[PROBLEM STATEMENT]
When you reach the line with "フロントに大きめのカンガルーポケットが付いたバイカラーワンピース。" in the listing below, transcribe it and each line after it up to and including the line with "Слайд 9Вопросы, рассмотренные", exactly and with nothing else.
───── DATA SUPPLIED ─────
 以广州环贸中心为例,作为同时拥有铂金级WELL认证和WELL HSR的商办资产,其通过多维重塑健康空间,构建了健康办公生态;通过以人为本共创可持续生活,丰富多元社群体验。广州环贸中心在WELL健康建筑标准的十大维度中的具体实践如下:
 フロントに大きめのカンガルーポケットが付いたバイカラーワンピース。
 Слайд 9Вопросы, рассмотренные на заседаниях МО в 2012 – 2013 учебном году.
─────
───── DATA SUPPLIED ─────
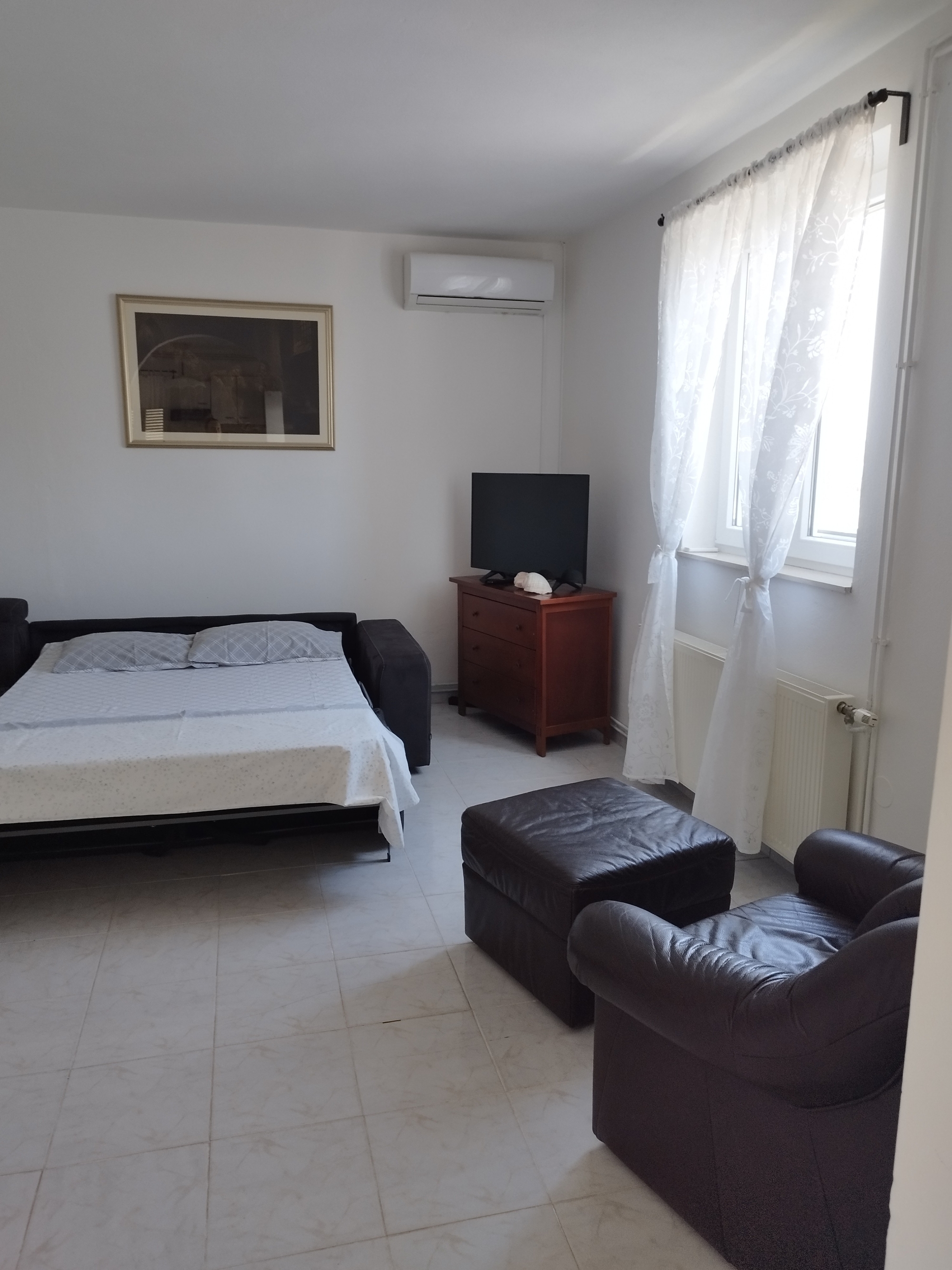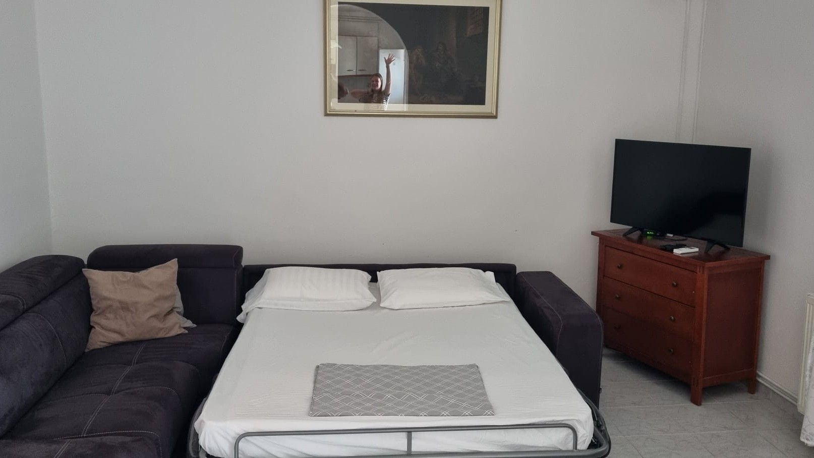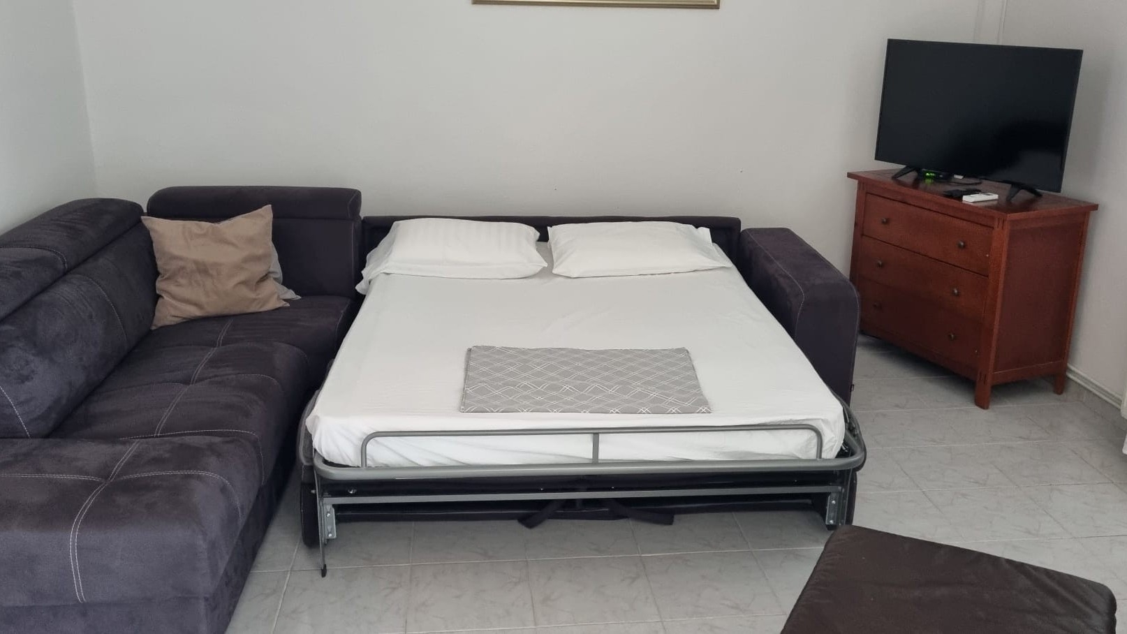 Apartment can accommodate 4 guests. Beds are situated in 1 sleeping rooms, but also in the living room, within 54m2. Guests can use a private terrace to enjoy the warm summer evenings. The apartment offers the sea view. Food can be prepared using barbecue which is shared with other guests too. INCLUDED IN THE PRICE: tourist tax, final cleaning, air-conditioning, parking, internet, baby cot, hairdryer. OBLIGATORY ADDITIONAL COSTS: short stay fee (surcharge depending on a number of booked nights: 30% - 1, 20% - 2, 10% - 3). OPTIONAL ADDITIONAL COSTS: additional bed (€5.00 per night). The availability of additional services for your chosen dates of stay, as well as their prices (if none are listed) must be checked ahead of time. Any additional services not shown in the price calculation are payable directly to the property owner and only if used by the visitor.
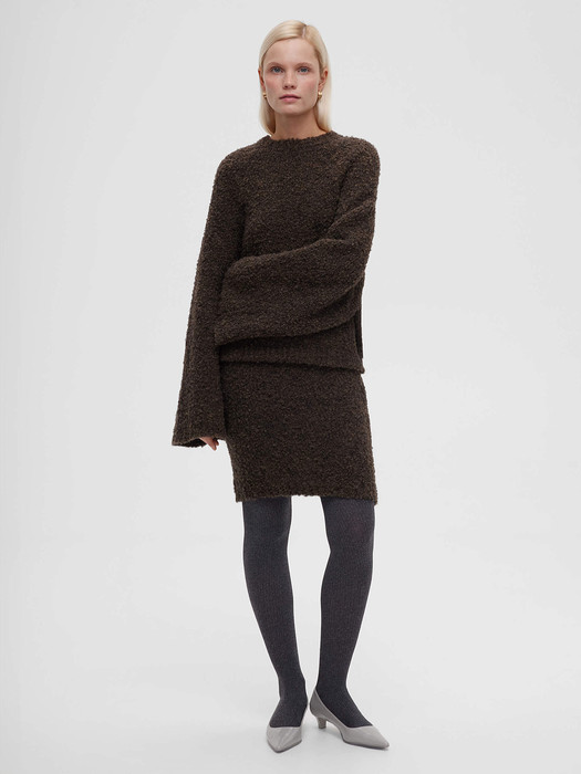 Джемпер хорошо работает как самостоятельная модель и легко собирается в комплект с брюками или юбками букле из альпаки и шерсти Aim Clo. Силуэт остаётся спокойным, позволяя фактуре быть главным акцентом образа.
─────
───── DATA SUPPLIED ─────
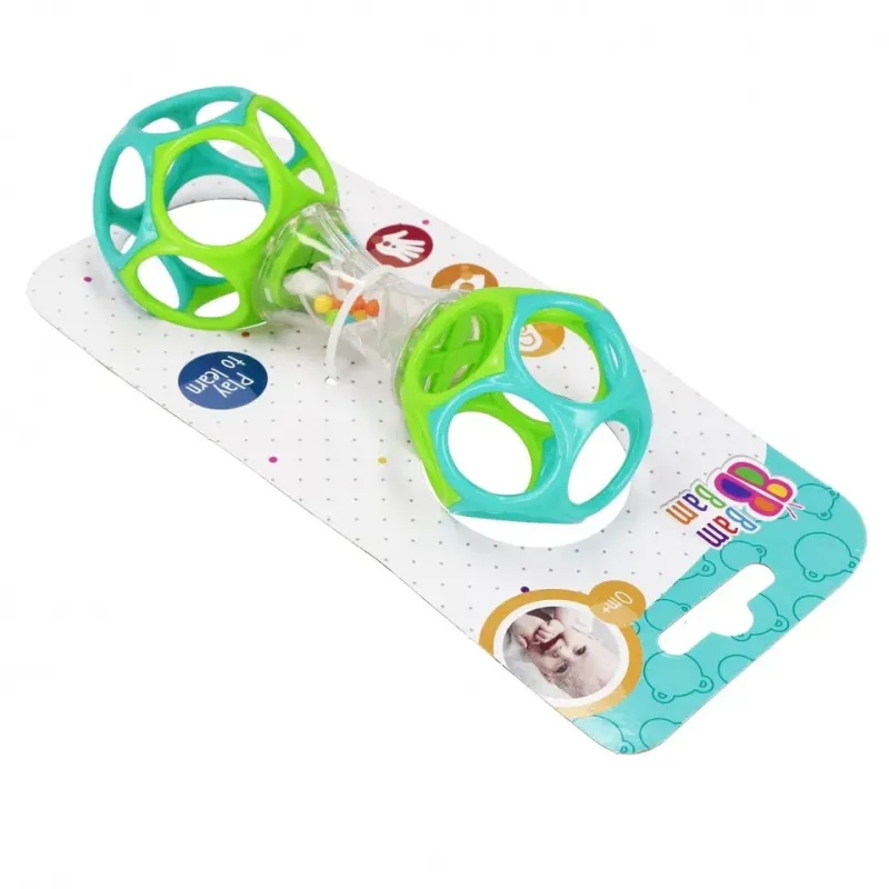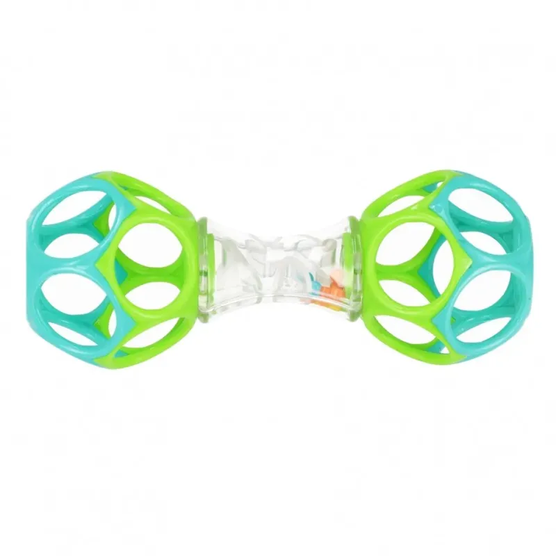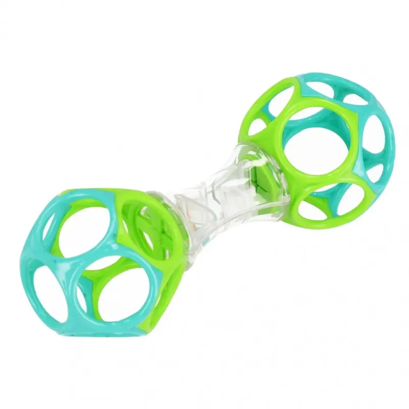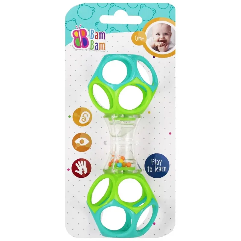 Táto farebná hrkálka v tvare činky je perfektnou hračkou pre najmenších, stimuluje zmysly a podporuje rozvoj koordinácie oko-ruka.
─────
[YOUR SOLUTION]
 フロントに大きめのカンガルーポケットが付いたバイカラーワンピース。
 Слайд 9Вопросы, рассмотренные на заседаниях МО в 2012 – 2013 учебном году.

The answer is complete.